Ruang-ruang ilmiah yang dibuka digiring untuk melegitimasi otoritarianisme. Dosen-dosen menghasilkan makalah-makalah yang melegitimasi kebijakan penguasa, mengajak mahasiswa tidak keluarga dari hukum atau standar pendidikan.

Baca Juga:  Politik Praktis dan Potensi Fragmentasi Relasi Sosial di Paniai

Pelacuran Intelektual berlangsung rapi. Pelacuran atas nama penelitian ilmiah, diskusi ilmiah dan atas nama lembaga yang menghimpunya. Walaupun tidak semua, ada yang menjadi pelacur intelektual toh.

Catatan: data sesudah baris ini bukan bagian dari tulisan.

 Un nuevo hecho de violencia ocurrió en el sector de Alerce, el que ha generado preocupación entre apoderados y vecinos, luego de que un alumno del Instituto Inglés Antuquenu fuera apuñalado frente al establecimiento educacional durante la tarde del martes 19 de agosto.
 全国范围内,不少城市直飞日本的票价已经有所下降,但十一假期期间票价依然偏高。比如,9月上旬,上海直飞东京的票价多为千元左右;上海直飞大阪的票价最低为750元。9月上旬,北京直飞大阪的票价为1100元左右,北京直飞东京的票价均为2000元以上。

Kontrol Pemerintah terhadap lembaga pendidikan itu masih nampak berlangsung ketika wacana penunjukan rektor Cendrawasih akan dilakukan oleh Presiden. Presiden tentunya menunjukan orang yang mau kerja sama dengan Pemerintah.

Kalau itu terjadi, sangat tidak mungkin, tidak terjadi pembentukan karakter mahasiswa sesuai keinginan penguasa. Pola pendidikan dengan target menghasilkan tenaga-tenaga dibawa standar untuk loyal yang akan diberlakukan.

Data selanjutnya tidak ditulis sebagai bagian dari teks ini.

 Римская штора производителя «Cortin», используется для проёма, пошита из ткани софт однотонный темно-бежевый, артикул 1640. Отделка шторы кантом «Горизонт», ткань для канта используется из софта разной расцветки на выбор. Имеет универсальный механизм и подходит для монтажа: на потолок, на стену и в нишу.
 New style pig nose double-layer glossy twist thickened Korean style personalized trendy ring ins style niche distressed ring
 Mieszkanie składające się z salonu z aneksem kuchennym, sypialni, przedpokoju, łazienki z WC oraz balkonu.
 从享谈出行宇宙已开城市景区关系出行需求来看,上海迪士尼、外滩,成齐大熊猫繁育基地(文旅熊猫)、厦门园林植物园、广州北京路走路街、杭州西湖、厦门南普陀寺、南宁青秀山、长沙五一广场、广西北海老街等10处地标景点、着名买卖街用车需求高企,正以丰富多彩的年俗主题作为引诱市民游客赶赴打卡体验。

Rektor pilihan pasti mengabaikan Pendidikan yang memanusiakan manusia. Rektor pilihan pasti berusaha membangun kesadaran palsu bagi mahasiswa. Manusia yang kritis terhadap kesadaran palsu akan disingkirkan.

 

Membuka Kedok, Indonesia dan NZ Beda

Persis Indonesia melalui dubesnya Tantowi Yahya menginginkan universitas di NZ membangun pengetahuan ala Indoneaia. Indonesia tidak ingin kebenaran ada di mimbar-mimbar ilmiah di universitas-universitas negeri orang Maori dan Pacific.

Sayang sekali, keinginan Indonesia itu datang terlambat. Dubesnya mungkin tidur-tiduran. Dubesnya bari bangun mendengar seruan Wenda yang mendahului harapannya. Disitulah kemenangan Wenda dalam diplomasi politik.

Bukan soal kemenangan saja, namun itulah bedanya NZ dan. Indonesia. NZ menunjukan lembaga pendidikan di negeri merdeka dan Indonesia negeri yang menjadi koloni kolonial yang otoriter.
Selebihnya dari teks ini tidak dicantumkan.